His lawyers had earlier warned him not to "give speeches" about his bitter battle with the BBC and so he let his fingers do the talking, following each entry with his forefinger and reading its contents.

It covered not just Mr Blair, but chats with all the senior figures in Downing Street, together with "C", the head of MI6 and several other "spooks".

He has sometimes been described as the Arnold Schwarzenegger of Downing Street. If so, it was obvious yesterday that the film on show was Terminator, not Total Recall. One lost count of the number of times he got out of a tricky question by saying "I don't have a recollection of that".

The communications chief was downhearted when asked about the blizzard of complaints he had sent to the BBC's director of news, Richard Sambrook. His diary showed that he worried about the BBC's "lack of ethics" over the story. "It was grim, grim for me and grim for TB and there's this huge stuff about trust," one entry read.

He decided to talk to John Birt, the former BBC director general, for support. Hell, he was so desperate he phoned Peter Mandelson for advice at the height of the affair.

But after going before the Foreign Affairs Select Committee, he felt a lot better. "I found it gruelling, I was exhausted but I felt a lot better and I had opened a flank on the BBC," he wrote.

The row was far from over, though. We learned that on 27 June, Mr Campbell was at Wimbledon with his son when he was rung by his office, who explained that the BBC had yet again refused to apologise.
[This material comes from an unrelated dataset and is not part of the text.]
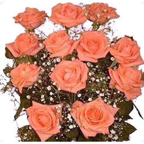 1 dozen peach roses in bouquet
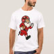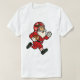 Papais noeis de desenho animado com uma cruz de terno vermelho com uma bola de futebol, misturando o natal com a energia esportiva. Paleta vibrante, contornos grossos, pose atlética para vestuário atlético festivo.

"It led within me to a mounting sense of anger and frustration ... My response was angry, and was probably too angry."

The mild mannered dad on a day off suddenly turned back in to the incredible sulk, (you wouldn't like him when he's angry) ditched his Pimms and stormed off to vent his spleen on Channel 4 News.

Mr Campbell became more and more distressed about the whole affair and Mr Blair's unwillingess to let him off the leash.

Then, just as the day was winding up, Mr Dingemans offered the depressed Mr Campbell a form of electronic Prozac. An e-mail showed Mr Gilligan had contacted the Liberal Democrats in an attempt to skew the Foreign Affairs Committee's own grilling of Dr Kelly. Mr Campbell couldn't hide his glee.

With that he headed off to pen the night's diary entry for 19 August 2003. What it says is likely to cost some publisher a cool £1m at least.